Read The Ellie Chronicles Online
Authors: John Marsden
WE DIVIDED THE cattle into three paddocks. The main thing with putting cattle in a new paddock is to take them on a tour of the boundaries and show them the water, and then you can leave them to get on with eating and drinking, sightseeing, relationships and romances. No doubt they’d find the water if you didn’t do it, but it’s meant to settle them in faster. I’ve always done it, so I don’t know what would happen if I skipped it.
Afterwards Mr Young gave me a cheque for the first four weeks. Oh what a feeling. It was the first income from the farm since my parents died. Twelve thousand dollars. It was a thrill to hold it. Twelve thousand dollars of someone else’s money was approximately eleven thousand eight hundred dollars more than I’d ever had in my hand before. I wanted to frame the cheque and keep it forever but I don’t think that would have been a financially responsible thing to do.

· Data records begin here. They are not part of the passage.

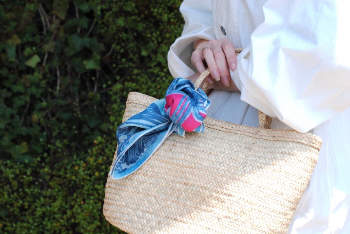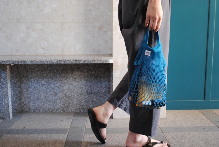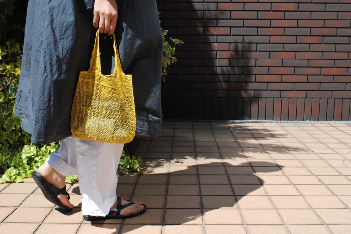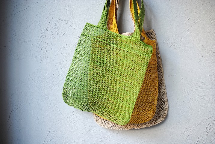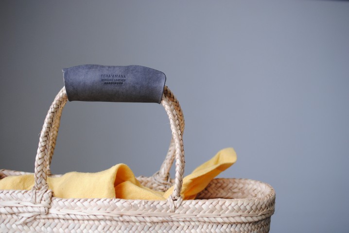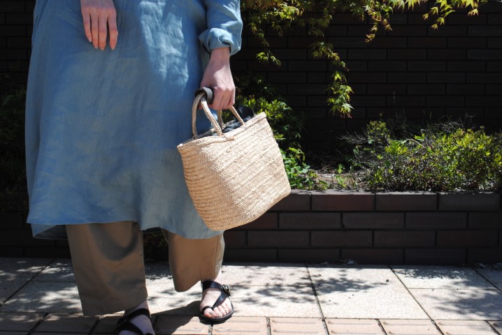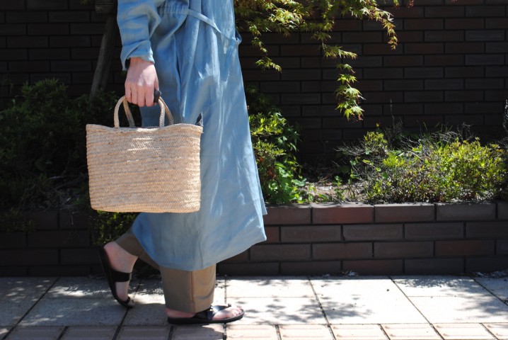椰子の葉から作られた艶感のあるカゴバッグ。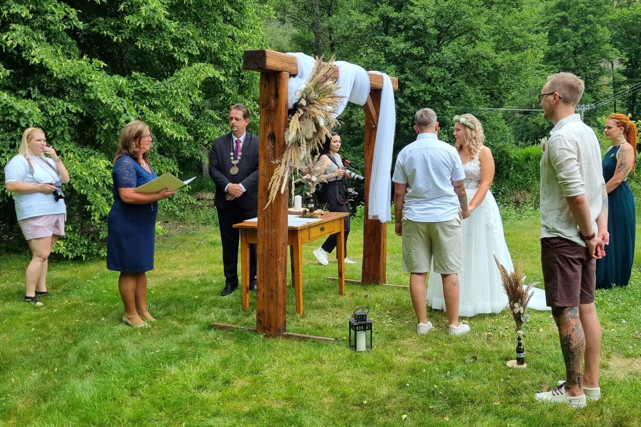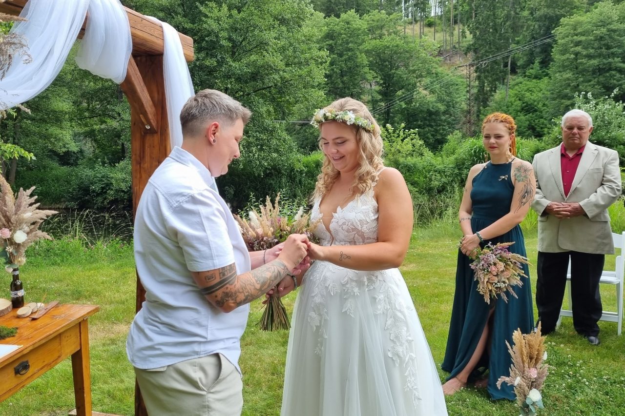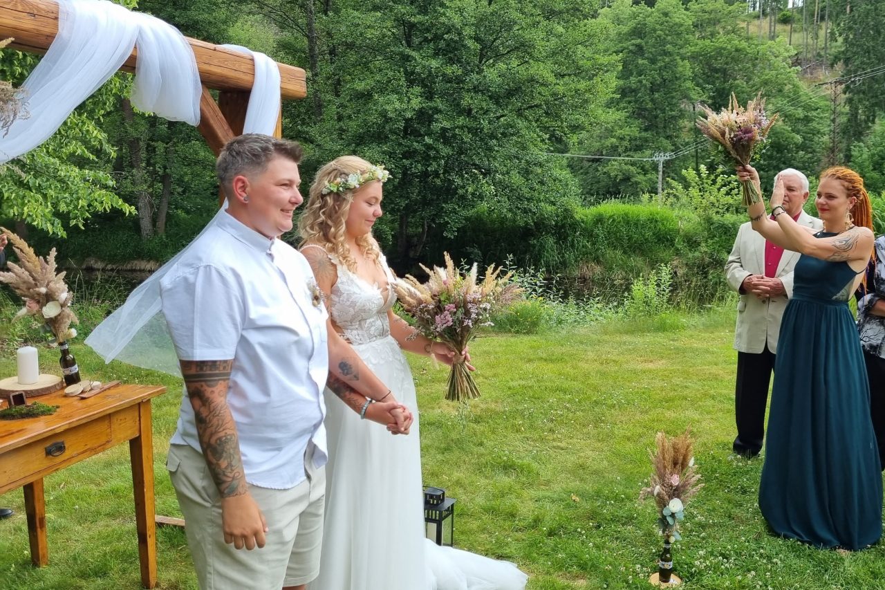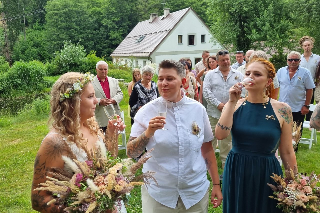 34letá Mája a o deset let mladší Natálie partnerství uzavřely na konci června v Peckově mlýně na severním Plzeňsku. Obřadu přihlíželi příbuzní a známí. "Je to kvůli pravé lásce, cítily jsme to hned od začátku," řekly Mája a Natálie. Vzaly se po roční známosti.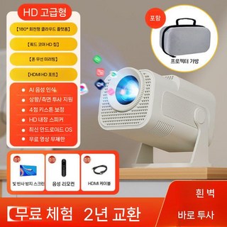 스마트 휴대용 빔 프로젝터 HY320 미니 4K지원 180도 회전형 대형스크린 OTT탑재, 크림 화이트(HD)+가방

It was only a few days since Mr Young had sat in my kitchen and mentioned the magic word ‘agistment’.
The cheque felt like it was vibrating in my hand. I sat down that night with the notepad and calculator and spent more than ten thousand bucks in half an hour. It was quite exciting. Five thousand dollars to the people we were renting from. That covered the whole month, plus a thousand in back rent, so they’d know I wasn’t trying to rip them off. Three thousand, seven hundred and sixty dollars to the bank to cover a month’s interest. Bills I hadn’t paid yet, from Jack Edgecombe for stock transport, from the DMT for rego of the Toyota, from Larry Whelan for taking out a pine tree that was about to fall on the shearing shed. One thousand, four hundred and thirty-five dollars for those three jobs, and I knew damn well Larry had charged me charity rates. Basically only the rent of the cherry-picker, which wasn’t his. Some blokes’d charge a thousand bucks just for looking at a tree as big as that. But Larry acted like it was a normal job so I swallowed my pride and didn’t say anything.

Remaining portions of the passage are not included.